* [Exercise objective]
Quote the records that follow in full, leaving the pictures out.

* [Provided data]
_ _ _

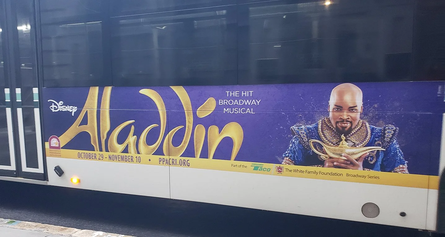 A public transportation bus ad created for the 2018 Broadway Tour of
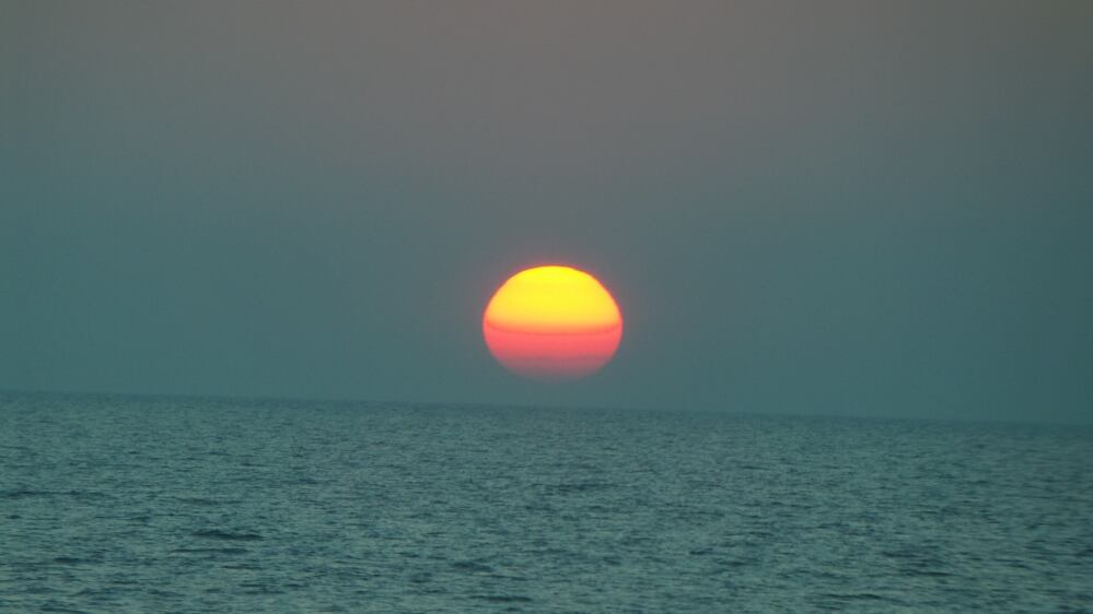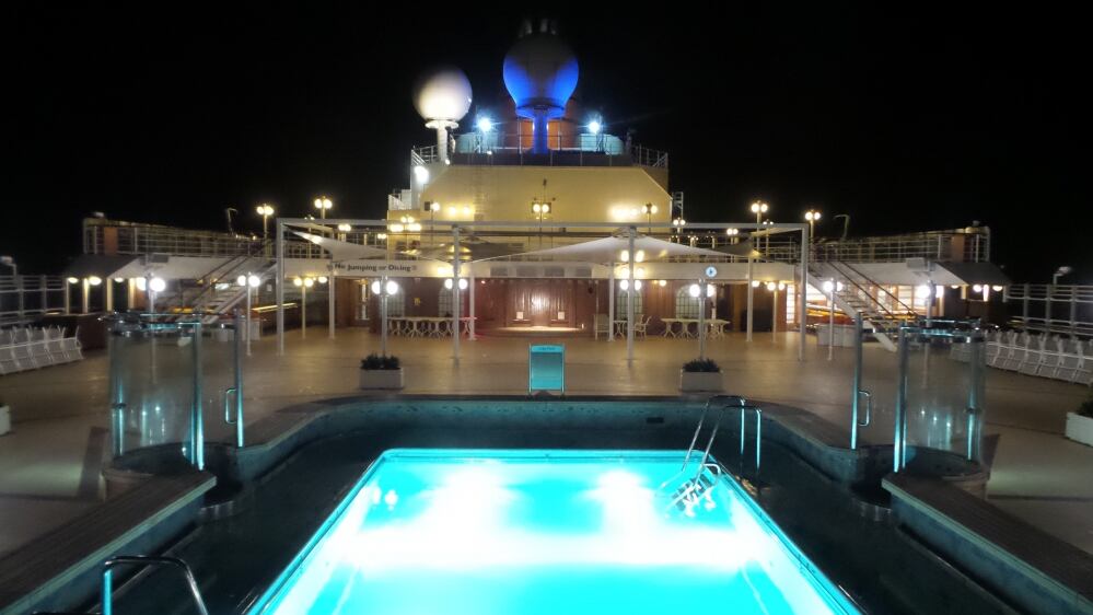 La Queen Elizabeth mette la prua verso sud ovest ed è una meraviglia osservare il sole che tramonta all’orizzonte.
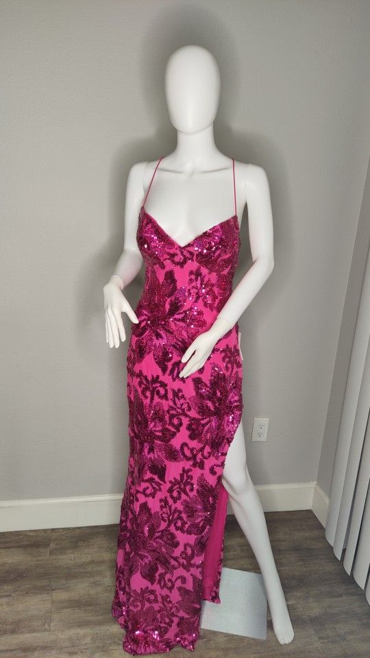 Pink Sequin Prom Dress Ball Gown, Size 15 - 16
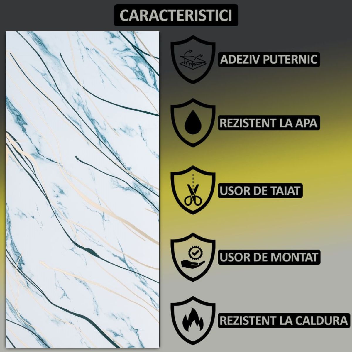 Panourile sunt fabricate din spuma EVA cu strat de aluminiu pentru durabilitate sporita si un finisaj lucios tip marmura.
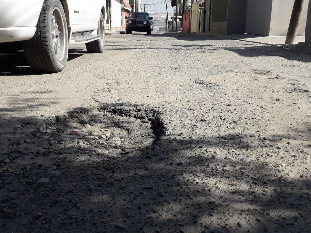 En pésimas condiciones se encuentra la Avenida de la luz de la Delegación La Mesa en la ciudad de Tijuana, enormes baches se pueden observar desde el inicio de la calle que dificulta el tránsito vehicular.
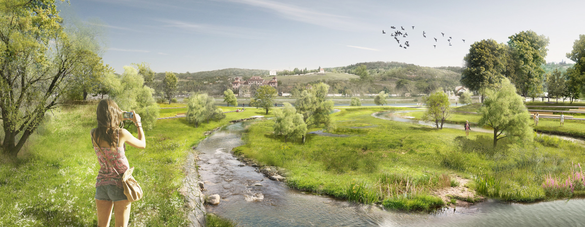 „Projekt přinese úpravy břehů, které budou v části od Trojské lávky k zámku přístupnější. Vzniknou zde nová schodiště, terasy i pěšiny. Zdejší přírodní peřeje, v Praze jedinečné, tak budou k vidění i zblízka. Parkoviště před zámkem se promění v příjemný prostor pro lidi a vstup do zámecké galerie,“ představuje Petr Hlaváček, I. náměstek primátora pro oblast územního rozvoje a územního plánu. Právě předpolí Trojského zámku prošlo v minulých dnech již první provizorní úpravou.
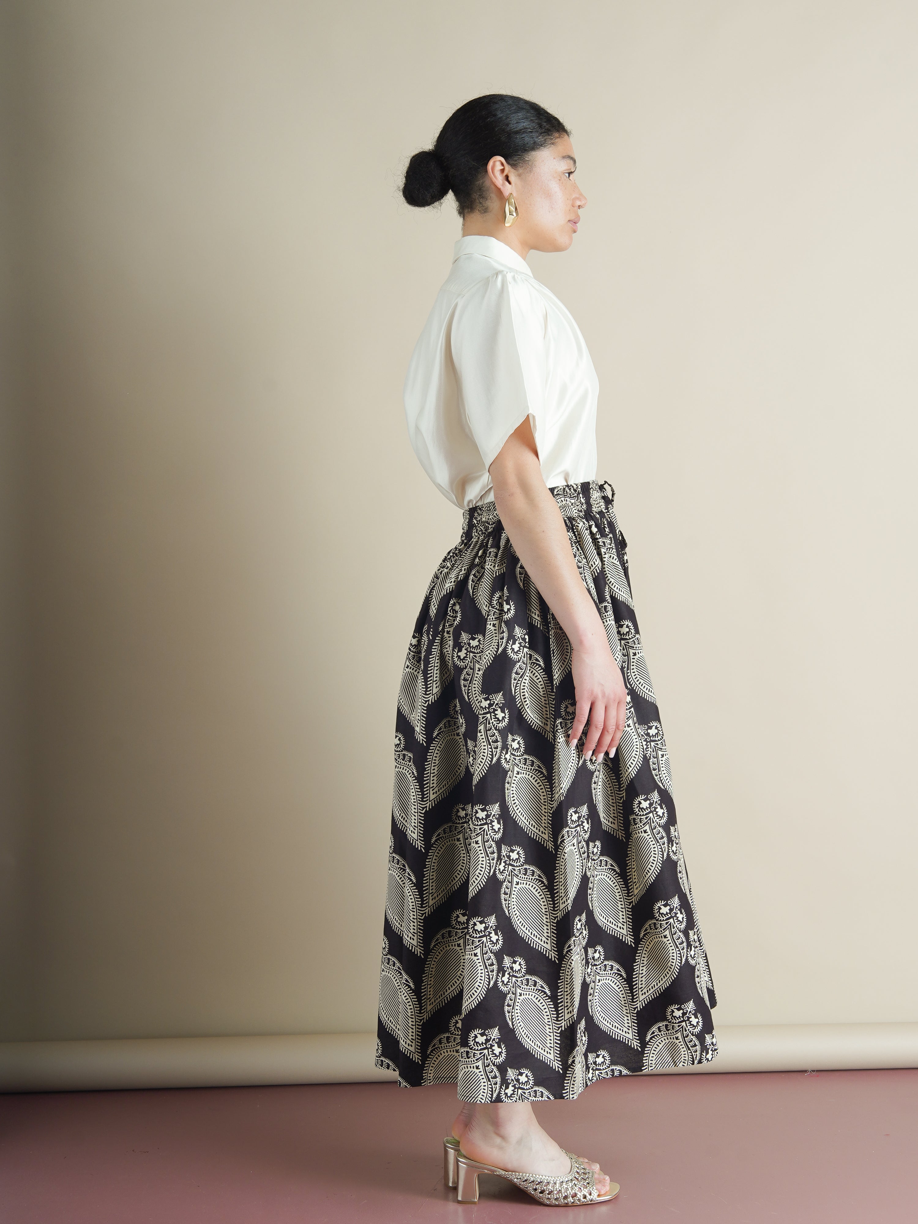 Mariam Leaf Gathered Skirt in Dutch Wax Cotton

_ _ _

* [Output for this exercise]
 A public transportation bus ad created for the 2018 Broadway Tour of
 La Queen Elizabeth mette la prua verso sud ovest ed è una meraviglia osservare il sole che tramonta all’orizzonte.
 Pink Sequin Prom Dress Ball Gown, Size 15 - 16
 Panourile sunt fabricate din spuma EVA cu strat de aluminiu pentru durabilitate sporita si un finisaj lucios tip marmura.
 En pésimas condiciones se encuentra la Avenida de la luz de la Delegación La Mesa en la ciudad de Tijuana, enormes baches se pueden observar desde el inicio de la calle que dificulta el tránsito vehicular.
 „Projekt přinese úpravy břehů, které budou v části od Trojské lávky k zámku přístupnější. Vzniknou zde nová schodiště, terasy i pěšiny. Zdejší přírodní peřeje, v Praze jedinečné, tak budou k vidění i zblízka. Parkoviště před zámkem se promění v příjemný prostor pro lidi a vstup do zámecké galerie,“ představuje Petr Hlaváček, I. náměstek primátora pro oblast územního rozvoje a územního plánu. Právě předpolí Trojského zámku prošlo v minulých dnech již první provizorní úpravou.
 Mariam Leaf Gathered Skirt in Dutch Wax Cotton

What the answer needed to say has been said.